In: Statistics and Probability
4. The Transactional Records Access Clearinghouse at Syracuse University reported data showing the chance of an Internal Revenue Service (IRS) audit. The data in file IRSAudit.xlsx show the average adjusted gross income reported (in $ thousands) and the percent of the returns that were audited for 20 selected IRS districts.
District | Adjusted Gross Income | Percent Audited |
Los Angeles | 36.664 | 1.3 |
Sacramento | 38.845 | 1.1 |
Atlanta | 34.886 | 1.1 |
Boise | 32.512 | 1.1 |
Dallas | 34.531 | 1.0 |
Providence | 35.995 | 1.0 |
San Jose | 37.799 | 0.9 |
Cheyenne | 33.876 | 0.9 |
Fargo | 30.513 | 0.9 |
New Orleans | 30.174 | 0.9 |
Oklahoma City | 30.060 | 0.8 |
Houston | 37.153 | 0.8 |
Portland | 34.918 | 0.7 |
Phoenix | 33.291 | 0.7 |
Augusta | 31.504 | 0.7 |
Albuquerque | 29.199 | 0.6 |
Greensboro | 33.072 | 0.6 |
Columbia | 30.859 | 0.5 |
Nashville | 32.566 | 0.5 |
Buffalo | 34.296 | 0.5 |
Hint: Select Visualizing data > Scatter plots, select cells B1:B21 for X and select cells C1:C21 for Y. Click “Options” and check “Regression lines.”

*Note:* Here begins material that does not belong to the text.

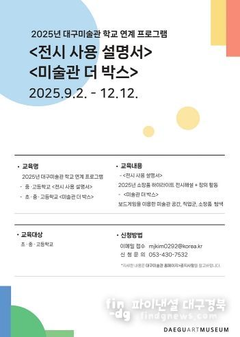 파이낸셜대구경북 이지원 기자 | 대구문화예술진흥원 대구미술관은 초·중·고 학생들의 문화예술 향유 기회를 확대하고, 융합적 사고와 창의적 역량을 키우기 위해 오는 9월 2일부터 12월 12일까지 2025년 하반기 학교 연계 교육프로그램을 운영한다.
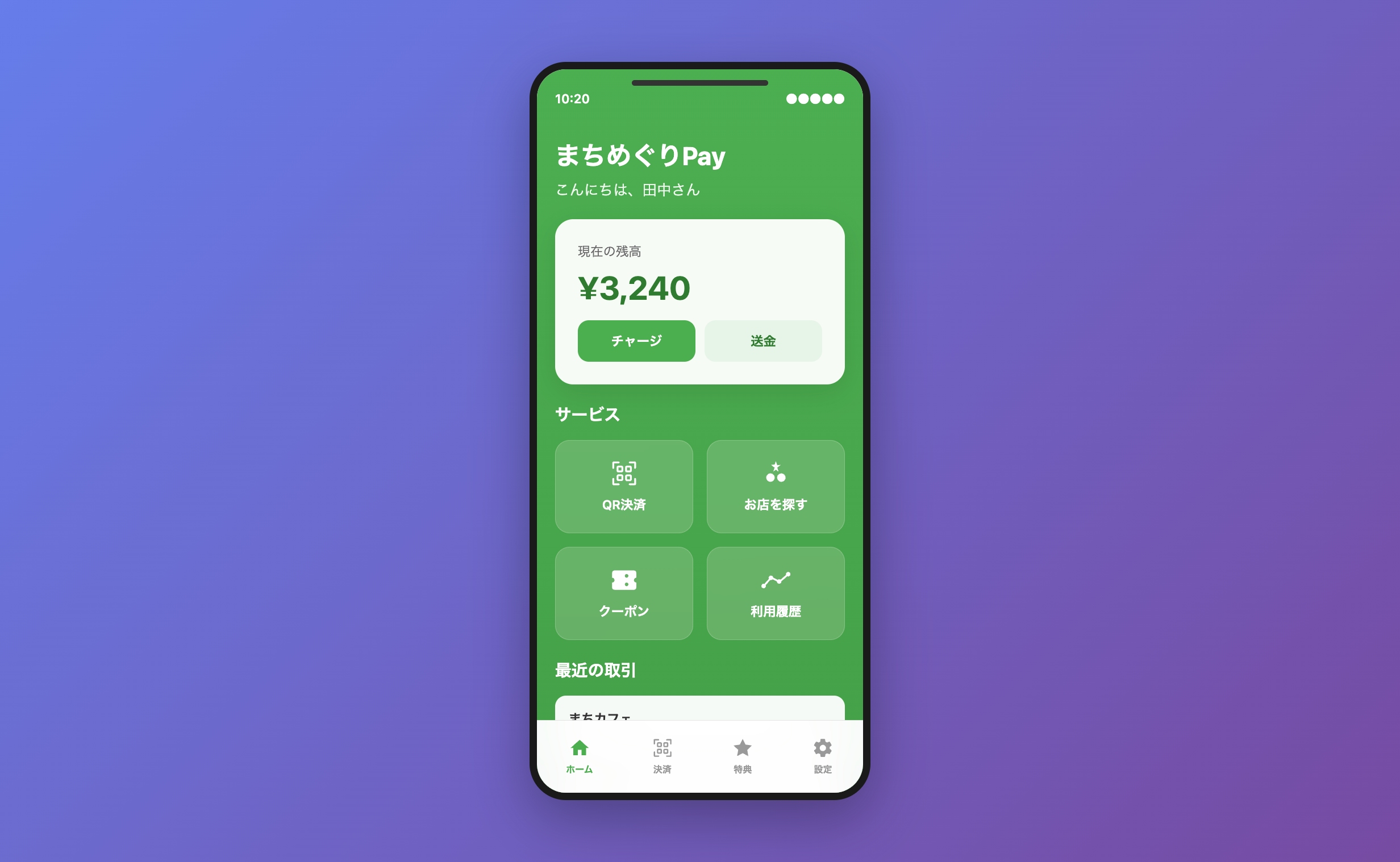 地域通貨アプリ「まちめぐりPay」のホーム画面 地域通貨アプリ「まちめぐりPay」のホーム画面

Hint: Select Modeling data > Linear regression, select cells C1:C21 for “Y / Dependent variables: Quantitative” and select cells B1:B21 for “X / Explanatory variables: Quantitative.”
Hint: You can use either a t-test or an F-test to answer this question. In your answer state the hypotheses, test statistic, p-value, decision, and conclusion.
Ans a ) The scatter plot is
the scatterplot indicate that there is a positive relationship between the average adjusted gross income reported and the percent of the returns that were audited.
b ) the output of regression analysis
we have
Simple Linear Regression Analysis | ||||||
Regression Statistics | ||||||
Multiple R | 0.4659 | |||||
R Square | 0.2171 | |||||
Adjusted R Square | 0.1736 | |||||
Standard Error | 0.2088 | |||||
Observations | 20 | |||||
ANOVA | ||||||
df | SS | MS | F | Significance F | ||
Regression | 1 | 0.2175 | 0.2175 | 4.9901 | 0.0384 | |
Residual | 18 | 0.7845 | 0.0436 | |||
Total | 19 | 1.0020 | ||||
Coefficients | Standard Error | t Stat | P-value | Lower 95% | Upper 95% | |
Intercept | -0.4710 | 0.5842 | -0.8061 | 0.4307 | -1.6984 | 0.7565 |
Adjusted Gross Income | 0.0387 | 0.0173 | 2.2339 | 0.0384 | 0.0023 | 0.0751 |
the estimated regression equation is
the percent audited for a district = -0.4710 +0.0387 * Adjusted Gross Income
c )let the null and alternative hypothesis
Ho:there is not a significant linear relationship between the two variables
Ha: there is a significant linear relationship between the two variables
the value of test stat is 4.99
p value = 0.0384
t since p value is less than 0.05 so we conclude that there is a significant linear relationship between the two variables.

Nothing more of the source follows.